On April 1, 2010, the Debtors initiated this adversary proceeding (the "Adversary Proceeding") by filing a complaint against Mitsubishi and The Insurance Company of Pennsylvania (the "Complaint"), wherein the Debtors seek the return of certain transfers made by the Debtors to Mitsubishi in the ninety-day period prior to the Petition Date.8 The Debtors alleged that those transfers made during the Preference Period totaling $6,698, 209.84 (the "Preferential Transfers") are avoidable preferential transfers under § 547 of the Bankruptcy Code and, as such, are recoverable under § 550 of the Bankruptcy Code.

In its answer filed July 6, 2010, Mitsubishi raised multiple affirmative defenses to the Complaint. Among the defenses enumerated, Mitsubishi asserts that the amounts sought by the Debtors must be reduced because, subsequent to the Preferential Transfers, Mitsubishi provided new value to the Debtors within the meaning of § 547(c)(4) of the Bankruptcy Code (the "New Value Defense"). Mitsubishi contends that the value of the goods that comprise the agreed amount of its 503(b)(9) Claim can also be used in support of its New Value Defense in order to bar the Debtors from recovering the Preferential Transfers.9

On August 2, 2010, the Debtors filed the Motion for partial summary judgment, requesting that "Mitsubishi be precluded from availing itself of the new value defense under section 547(c)(4) of the Bankruptcy Code with respect to any Product for which it receives payment on account of its 503(b)(9) Claim." Essentially, the Debtors argue that Mitsubishi may either (i) claim an administrative expense under § 503(b)(9) of the Bankruptcy Code for the value of the goods received by the Debtors during the twenty-day period immediately preceding the Petition Date, or (ii) utilize the value of those same goods as a § 547(c)(4) New Value Defense to a claim under § 547 of the Bankruptcy Code for the avoidance of the Preferential Transfers. The Debtors assert that Mitsubishi may not do both.

SUMMARY JUDGMENT STANDARD

Part VII of the Federal Rules of Bankruptcy Procedure (the "Bankruptcy Rules") applies in adversary proceedings. Bankruptcy Rule 7056 makes Rule 56 of the Federal Rules of Civil Procedure ("the "Civil Rules") applicable in adversary proceedings. See Fed. R. Bankr. P. 7056.

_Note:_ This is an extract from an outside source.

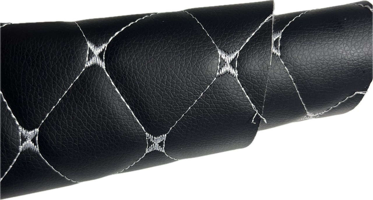Стеганая чёрная экокожа на поролоне 3 мм. со спанбондом (белая нить Бабочка) 140см. х 100 см - это идеальное решение для тех, кто хочет обновить интерьер своего автомобиля. Эта обивка сделана из высококачественной экокожи, которая отличается своей прочностью и долговечностью. Она также имеет уникальную текстуру, которая придает ей особый шарм и стиль.
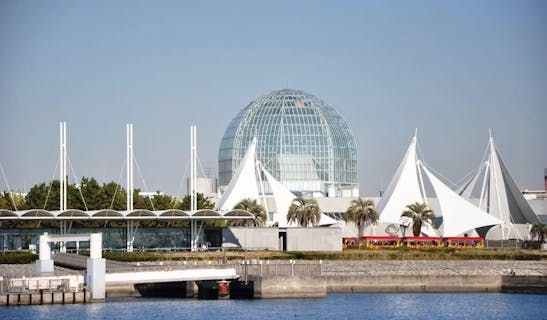 葛西臨海公園を訪れるとまず目につくのが、このユニークなガラスドーム。GINZA SIXなどを設計した建築家・谷口吉生氏の作品で、まるで海の水面を思わせるような、太陽の光をきらきらと反射させる美しいデザインが特徴です。ガラスドームを背に、東京湾のパノラマがひろがるので、記念撮影のスポットとしてもおすすめ!夕方になるとガラスドームがライトアップされ、ロマンチックな雰囲気も味わえますよ。

Pursuant to Civil Rule 56(a), "[a] party against whom relief is sought may move, with or without supporting affidavits, for summary judgment on all or part of the claim." Fed. R. Civ. P. 56(b).

The standard for entry of summary judgment under Bankruptcy Rule 7056 and Civil Rule 56 is well established, and summary judgment "is favored as a mechanism to secure the 'just, speedy and inexpensive determination' of a case" when the requirements of Civil Rule 56 are met. Thompson Everett, Inc. v. Nat'l Cable Adver., L.P., 57 F.3d 1317, 1322-23 (4th Cir. 1995) (quoting Fed. R. Civ. P. 1). Summary judgment should be granted "if the pleadings, the discovery and disclosure materials on file, and any affidavits show that there is no genuine issue as to any material fact and that the movant is entitled to judgment as a matter of law." Fed. R. Civ. P. 56(c) (as incorporated by Fed. R. Bankr. P. 7056).

The party moving for summary judgment bears the initial burden of demonstrating that there is no genuine issue of any material fact. See Celotex Corp. v. Catrett, 477...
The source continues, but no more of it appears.